Star Wars, Aliens, Zombies. Cinema firsts.

I’m not much of a film buff. I am occasionally persuaded to go to the cinema by my better half and even though I tend to gripe somewhat a lot beforehand, I usually enjoy the experience. However, I can only remember one time where I’ve visited a cinema alone – which was to see The Damned United. I even own a copy on DVD, but I don’t tend to watch it that often as it makes me cry. This is because I don’t expect to see Derby County win anything again in my lifetime, let alone The Premiership.

Anyway, the latest and 107th suggestion from Post40Bloggers is to write about your first cinema experience. As always, I’m going to bend the rules (what rules?) slightly and talk about my first three cinematic firsts instead.

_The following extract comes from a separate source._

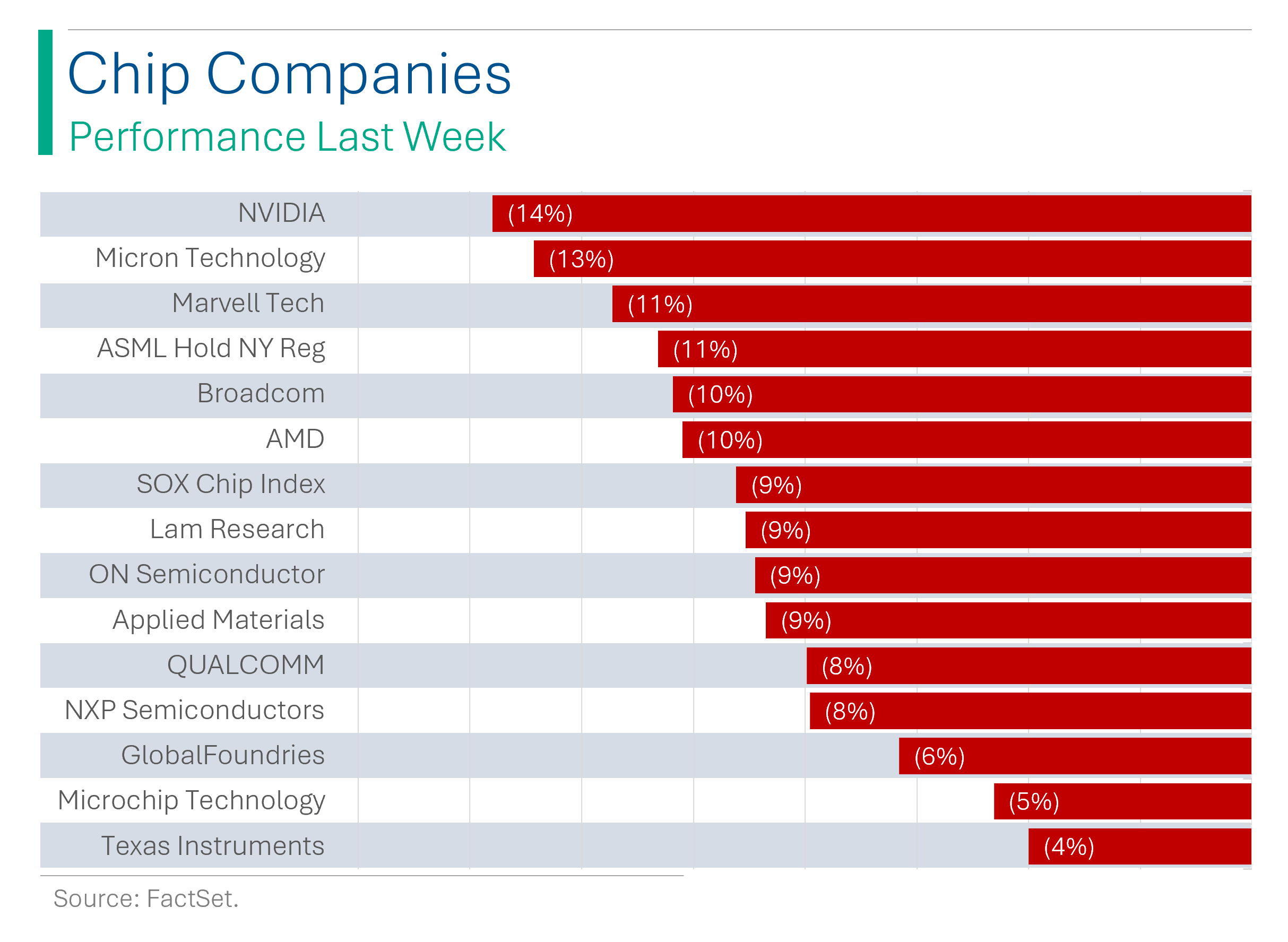 Biggest news was the implosion of the chip sector, with Nvidia down 14% this week. Soft guidance and few catalysts really suck sometimes.

My first ever trip to the cinema was with my brother to see Star Wars in 1977. My mother took us, under protest, to the long-demolished Ladbroke Film Centre in Chaddesden. Even as a mere thirteen year old I could tell that the place had seen better days. What had once been a glorious single screen Art Deco cinema had been turned into a failing bingo hall with two small upstairs screens where the balcony had once been. I remember the carpet being sticky with popcorn and something that was too orangey for crows. Star Wars seemed exciting enough at the time, but you have to remember that I didn’t have anything to compare it with. I haven’t watched Star Wars, or any of the many sequels / prequels since and I don’t feel as if I’ve missed out on life.

The second experience I’ve decided to recall is the first X certificate film I saw. I can date this precisely, to the Saturday afternoon of 24th November 1979. This was the day that the then European Cup holders lost to the mighty Rams 4-1. I know this to be the case as when I was traveling home on the 102 bus there were several people reading “the green ‘un” football special which had the glorious news splashed all over it. The joy was short-lived – Derby were relegated at the end of the season.

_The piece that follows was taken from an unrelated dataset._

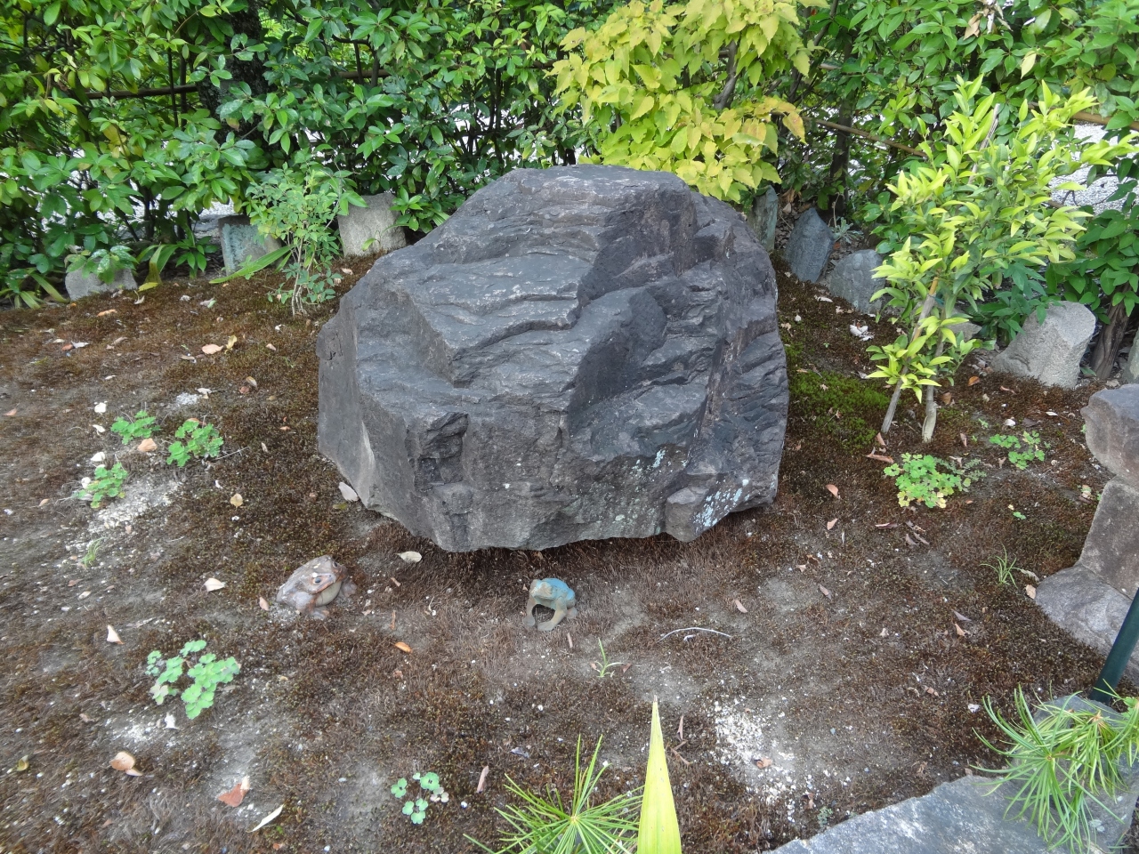 元興寺の本堂の北側にあります。五重小塔の収められた建物とは、本堂を挟んで反対側になります・大きな石の近くに、立て看板が建てられています。毎年、7月7日に蛙供養が行われるそうです。様々な言い伝えのある奇岩だそうです。

The film I saw? Alien. I fell in love with Sigourney Weaver, but not with the film. I’ve tried to watch it again a number of times, but I don’t think I’ve ever made it all the way through to the end.

My third cinematic first is from the summer of 1980. This was the first time I took a girl on a date to the cinema. To watch Zombies – Dawn of the dead. The one set in a shopping mall. With lots of gore and violence. Not exactly romantic. With hindsight, it perhaps wasn’t the best choice of film. Somewhere towards the end, there’s a particularly gruesome scene involving a helicopter. It certainly disturbed my companion, as she drove her very sharp nails deeply into the back of my hand. I still carry some tiny white scars from that evening today. The relationship didn’t last.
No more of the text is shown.